Мы были в Чарльстоне, куда приезжали Кейнсы (так их теперь называют) с Робертсоном[1249]. Лидия (я по ошибке назвала ее Рецией) не замечает прилипших к лицу крошек. Мейнард стал очень толстым, пышным, но мне он нравится своей невинностью. В Чарльстоне есть толстячок в синих хлопчатобумажных брюках – Квентин; вернувшись, он теперь почти местная достопримечательность и толще, чем когда-либо[1250]. Джулиан, по сравнению с ним, довольно нервный и тощий; старина Роджер тоже худой, смуглый и язвительный, нападающий сначала на Шоу, потом на Конрада и воспринимающий статьи Л. так же буквально и в штыки, как обычно. Ох уж эти квакеры! Не думаю, что он действительно счастлив, и тот случай в Гавре, несомненно, гложет его в самый разгар семейной жизни.

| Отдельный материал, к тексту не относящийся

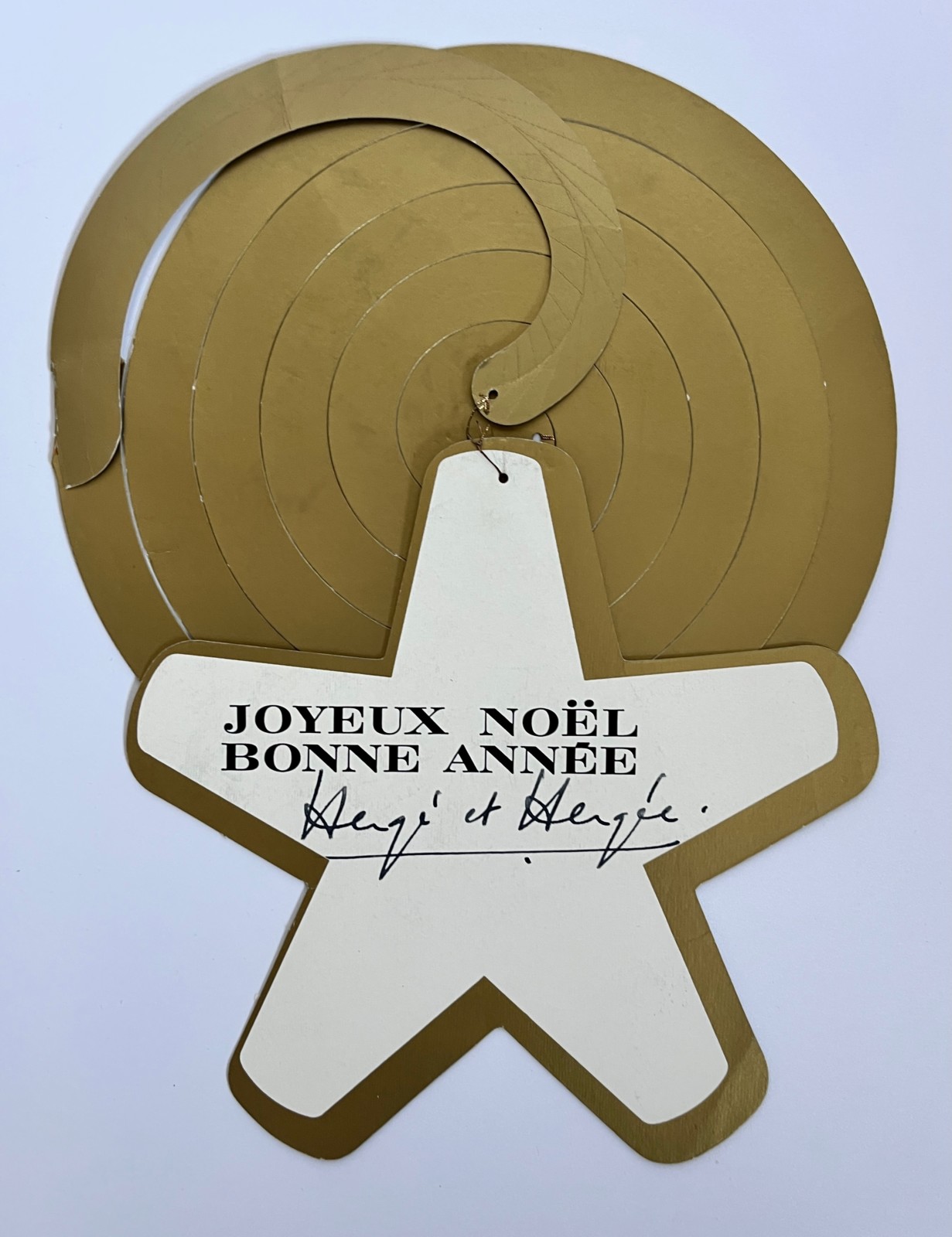 Hergé – Tintin – Carte de voeux – Spirale étoile dorée – Signée par Hergé – 1972

Теперь я редко утруждаю себя описаниями пшеничных полей и женщин, собирающих урожай в свободных сине-красных одеждах, и маленьких, пристально смотрящих девочек в желтых платьицах. Дело не в том, что я разучилась наблюдать; возвращаясь как-то вечером из Чарльстона, я снова почувствовала, как мои нервы напряглись, полыхнули, наэлектризовались (есть такое слово?) из-за представшей перед глазами красоты – красоты изобилующей и сверхизбыточной, – такой, что почти возмущаешься, когда не находишь в себе сил ни уловить ее всю, ни удержать этот момент. Идти по жизни гораздо интересней, если пытаться замечать все. У меня такое чувство, будто я неуверенно иду на ощупь (пришел Леонард, который заказал мне двуколку, чтобы завтра отвезти Дэди в Тилтон[1251]) по темному туннелю, заваленному всякой всячиной. Я больше не описываю встречи со стадами коров, хотя несколько лет назад это было просто необходимо, и то, как они блеяли и выли, окружив Гризель [собака], и как я размахивала палкой, держась на расстоянии, и думала о Гомере, когда коровы уверенно потопали на меня; какая-то пародия на битву. Гризель становилась все более наглой и возбужденной и носилась по кругу, тявкая на них. Аякс? При всем моем невежестве именно этот грек пришел мне на ум.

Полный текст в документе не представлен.